====== EXTRACTED ENTRIES

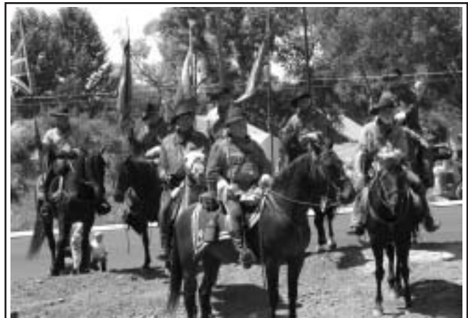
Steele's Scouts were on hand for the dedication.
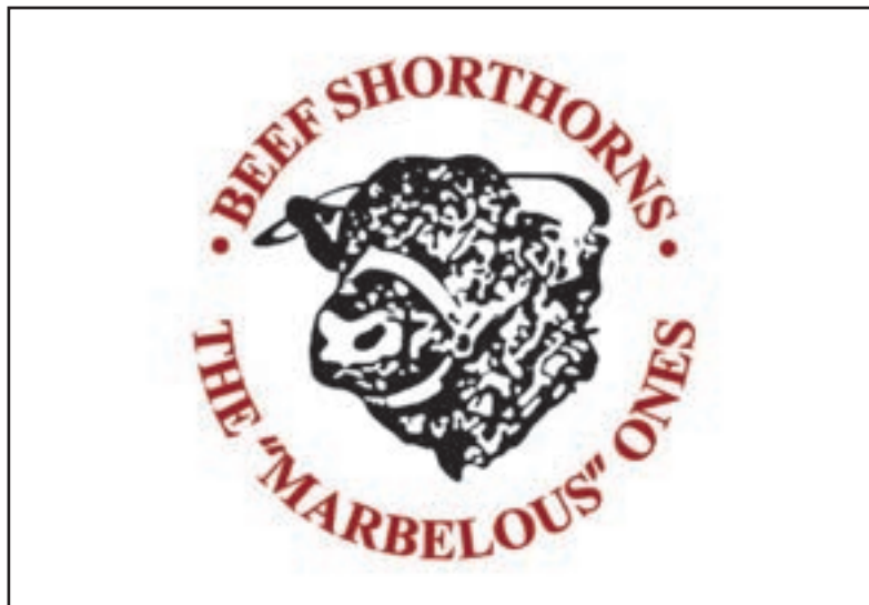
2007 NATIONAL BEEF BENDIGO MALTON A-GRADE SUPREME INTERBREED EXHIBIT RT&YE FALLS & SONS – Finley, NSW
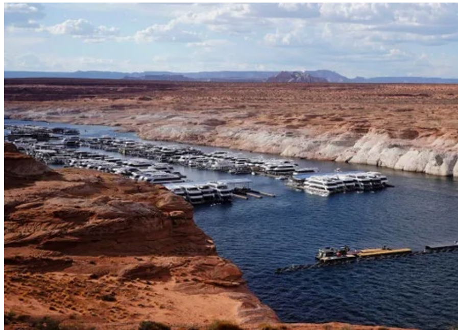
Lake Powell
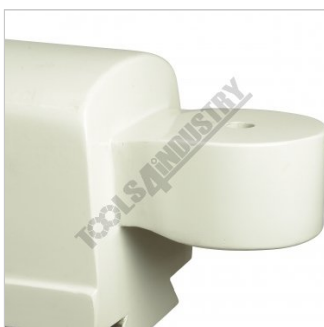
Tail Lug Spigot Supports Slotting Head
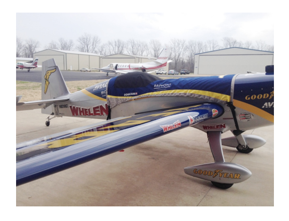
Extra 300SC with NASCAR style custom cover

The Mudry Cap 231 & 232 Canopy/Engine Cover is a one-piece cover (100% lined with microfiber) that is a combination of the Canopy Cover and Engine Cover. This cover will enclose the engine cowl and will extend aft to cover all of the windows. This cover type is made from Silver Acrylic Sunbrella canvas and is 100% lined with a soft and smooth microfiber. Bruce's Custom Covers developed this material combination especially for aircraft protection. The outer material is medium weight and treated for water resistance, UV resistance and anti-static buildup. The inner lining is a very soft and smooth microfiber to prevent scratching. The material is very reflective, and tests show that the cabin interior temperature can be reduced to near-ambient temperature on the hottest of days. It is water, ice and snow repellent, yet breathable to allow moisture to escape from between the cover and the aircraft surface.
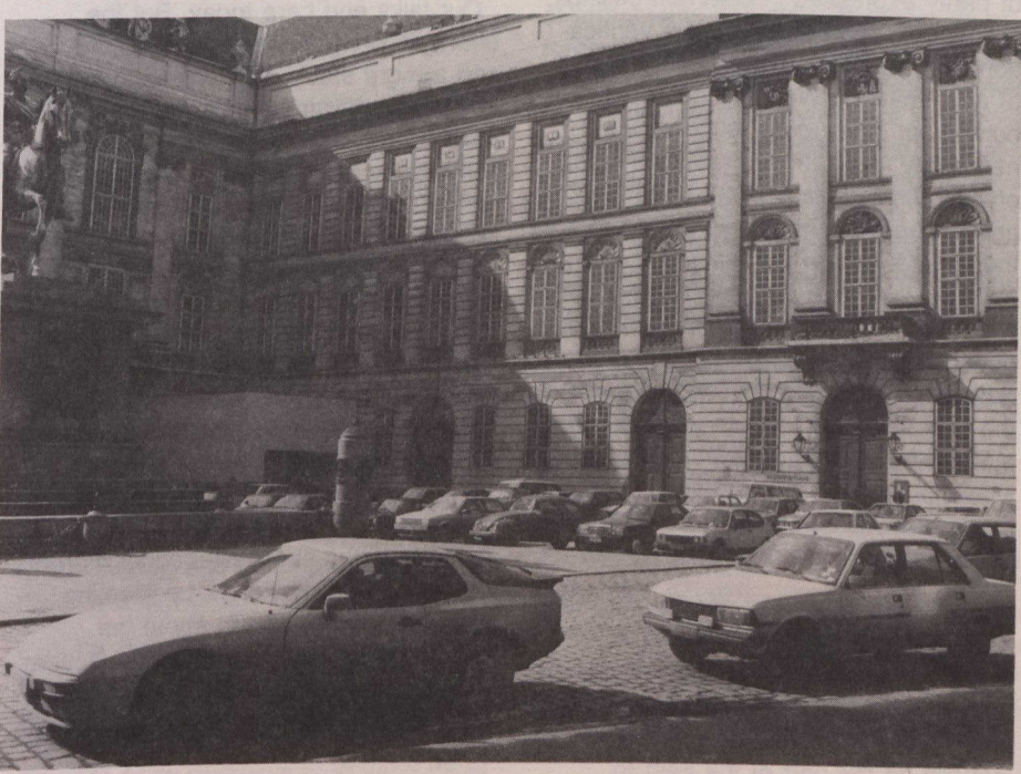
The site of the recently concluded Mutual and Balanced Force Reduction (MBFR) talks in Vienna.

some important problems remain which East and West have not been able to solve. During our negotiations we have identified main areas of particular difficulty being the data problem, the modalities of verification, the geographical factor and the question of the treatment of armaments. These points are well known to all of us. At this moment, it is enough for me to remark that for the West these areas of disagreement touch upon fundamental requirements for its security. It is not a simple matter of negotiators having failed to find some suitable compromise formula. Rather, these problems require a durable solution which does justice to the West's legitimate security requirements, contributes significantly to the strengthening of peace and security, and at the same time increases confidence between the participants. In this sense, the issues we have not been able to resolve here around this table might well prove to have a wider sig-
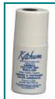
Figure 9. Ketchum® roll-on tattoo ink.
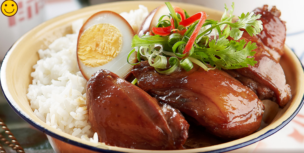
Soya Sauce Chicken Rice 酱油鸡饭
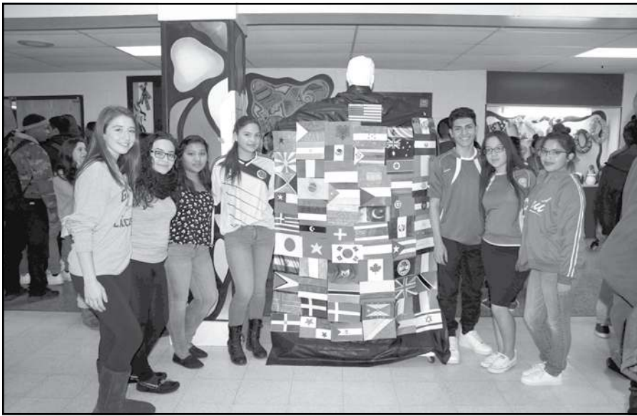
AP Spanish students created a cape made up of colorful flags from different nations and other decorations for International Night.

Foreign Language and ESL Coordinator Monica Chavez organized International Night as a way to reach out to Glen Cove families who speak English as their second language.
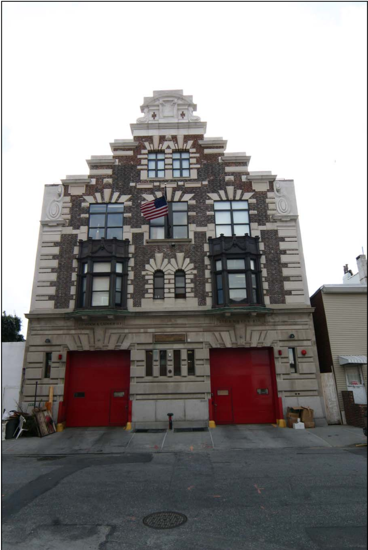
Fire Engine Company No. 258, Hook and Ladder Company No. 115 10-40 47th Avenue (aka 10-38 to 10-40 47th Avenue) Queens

============
====== EXTRACTED ENTRIES

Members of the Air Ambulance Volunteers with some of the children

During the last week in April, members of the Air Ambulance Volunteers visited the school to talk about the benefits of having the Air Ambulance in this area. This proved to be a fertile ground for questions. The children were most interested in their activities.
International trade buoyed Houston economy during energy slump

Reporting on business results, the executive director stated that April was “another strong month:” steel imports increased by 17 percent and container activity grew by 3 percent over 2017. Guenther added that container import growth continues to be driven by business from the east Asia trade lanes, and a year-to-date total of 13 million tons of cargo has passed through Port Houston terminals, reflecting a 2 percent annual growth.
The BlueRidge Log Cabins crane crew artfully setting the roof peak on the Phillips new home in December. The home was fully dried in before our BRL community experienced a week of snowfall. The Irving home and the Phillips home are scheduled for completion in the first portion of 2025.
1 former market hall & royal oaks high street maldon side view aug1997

============
====== EXTRACTED ENTRIES

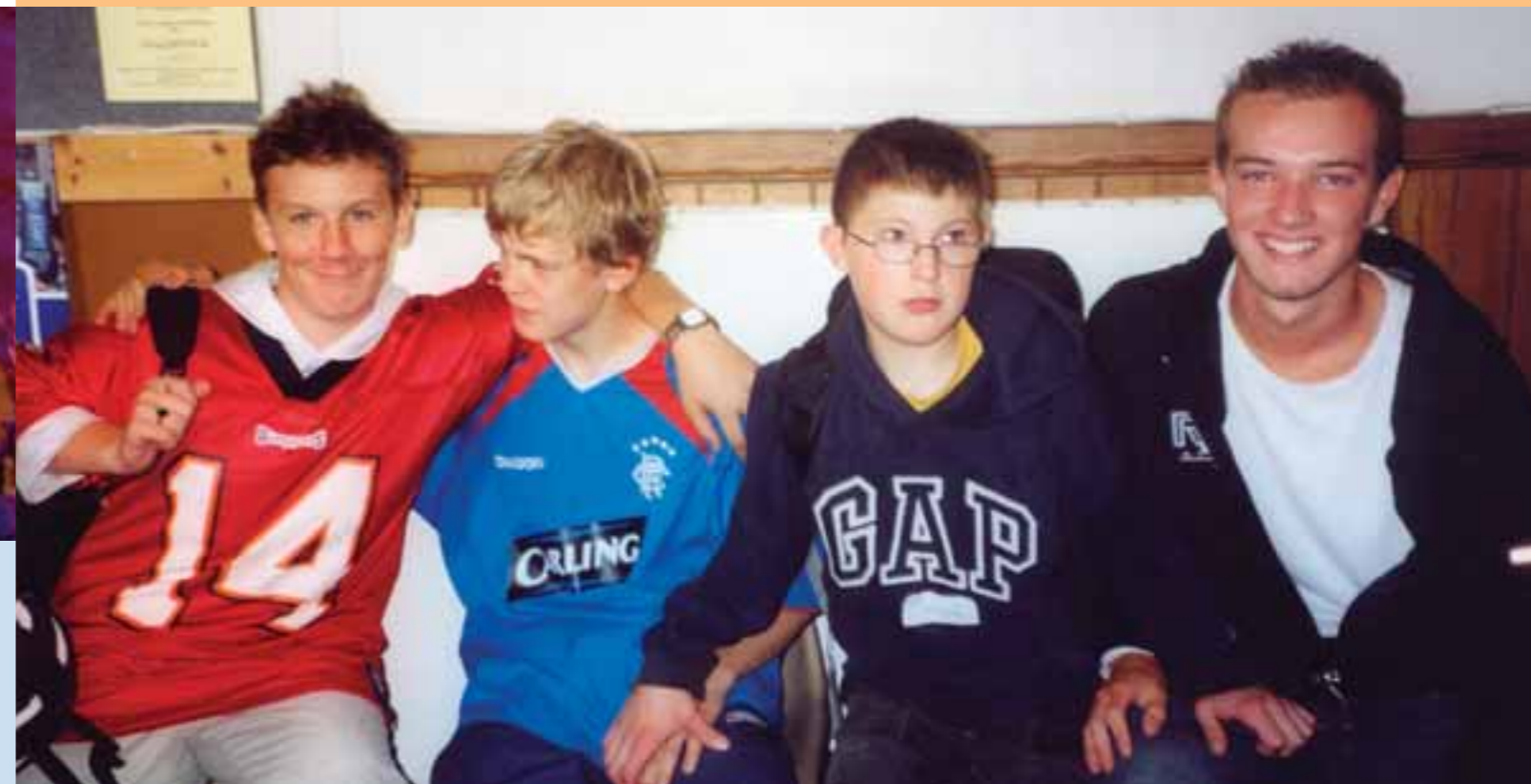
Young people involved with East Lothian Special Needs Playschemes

============

• **TASK STATEMENT**: For this task, write out exactly the lines of the entries above, starting at the line with "International trade buoyed" and ending at the line with "1 former market", both included, and no others.

• **RESPONSE**:
International trade buoyed Houston economy during energy slump

Reporting on business results, the executive director stated that April was “another strong month:” steel imports increased by 17 percent and container activity grew by 3 percent over 2017. Guenther added that container import growth continues to be driven by business from the east Asia trade lanes, and a year-to-date total of 13 million tons of cargo has passed through Port Houston terminals, reflecting a 2 percent annual growth.
The BlueRidge Log Cabins crane crew artfully setting the roof peak on the Phillips new home in December. The home was fully dried in before our BRL community experienced a week of snowfall. The Irving home and the Phillips home are scheduled for completion in the first portion of 2025.
1 former market hall & royal oaks high street maldon side view aug1997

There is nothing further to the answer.